Cool Stuff in Paris. By Manning Leonard Krull.

Using the Paris Métro

The Paris Métro (subway) is cheap, fast, and efficient, and is definitely the best way to get from place to place in the city. The trains come very frequently (more so than I've seen in any other major city in Europe or the US), the lines are very well-planned so you don't have to make a lot of transfers, and the stations are absolutely everywhere, so you never have to walk far from the Métro station to your destination.

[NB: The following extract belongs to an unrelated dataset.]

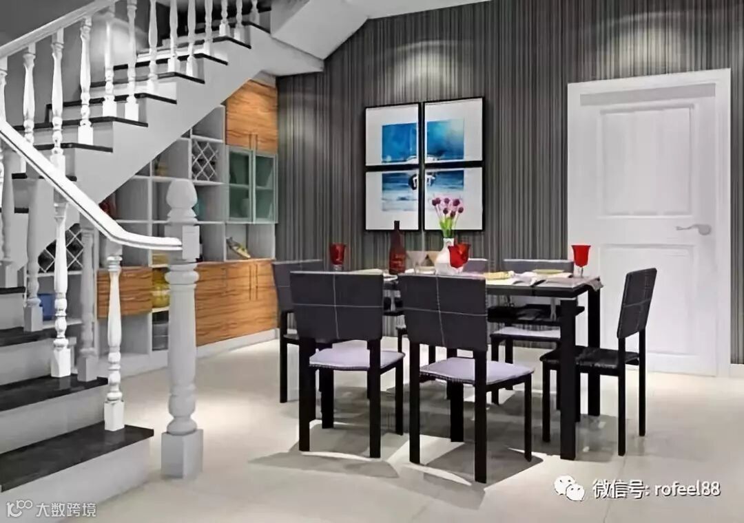 楼梯间有较深的空间,将其定制成一个容量较大的收纳空间,并不是什么难事,可以改造成了一个具有多隔层的收纳碗餐厅酒柜,正巧处于餐桌旁,带去了不少便捷。

The various lines are named numerically as well as color-coded, so the system is very easy to use and understand even if you don't speak a word of French. Maps of the Métro are available for free at any ticket counter or information window in a Métro station. Just say, "Avez-vous un plan, s'il vous plait?" — phonetically: "Ah-vay voo ahn plahn see voo play?" They'll often give you a free map of the Métro AND a free street map of Paris.

Tickets

As for tickets, you can get ten tickets for €14.10 (as of April 2015) at the ticket window. A stack of ten tickets is called a carnet (car-nay), so just ask for "Un carnet, s'il vous plait." Each ticket is good for a one-way ride anywhere in the city, including connections inside stations. Always hold onto the ticket you've just used until you've completely exited the Métro system, as there are often guards who block the corridors and check each person's ticket as they come through, using a little Gameboy-like machine. (You will probably see TONS of kids and bums hopping the Métro turnstile.) Once you've exited, you can safely throw out the ticket.

You can also ask about daily and weekly (and monthly) passes with unlimited rides, but in my experience they're pretty expensive and sometimes not much more economical than just buying packs of ten individual tickets whenever needed.

Individual one-ride tickets are also available at the machines, but they're significantly more expensive per-ticket than buying a pack of ten.

The Métro is not open 24 hours; this ain't New York!

Be aware that the Métro stops running around 12:30am on most nights, but they've recently extended it to about 2am on Friday and Saturday nights. To be safe, always try to get to the platform at least 15-20 minutes before the Métro stops running, because the trains run much less frequently late at night. Almost all stations have a light-up sign on the platform displaying how many minutes there are until the next train.

Something regarding the Métro cars themselves that catches many Americans by surprise: the doors don't open automatically! You have to grab a little metal lever on the door and lift it up. This is true whether you're getting in or out of the Métro. When you're not expecting to have to open the door yourself, especially when jetlagged (or drunk), it's very easy to just stare at the door and expect it to open on its own, and suddenly the train is moving again and you've missed your stop! (Note: A few lines do have doors that open automatically, and a few have a big green button you have to press. But most still have the clunky old levers.)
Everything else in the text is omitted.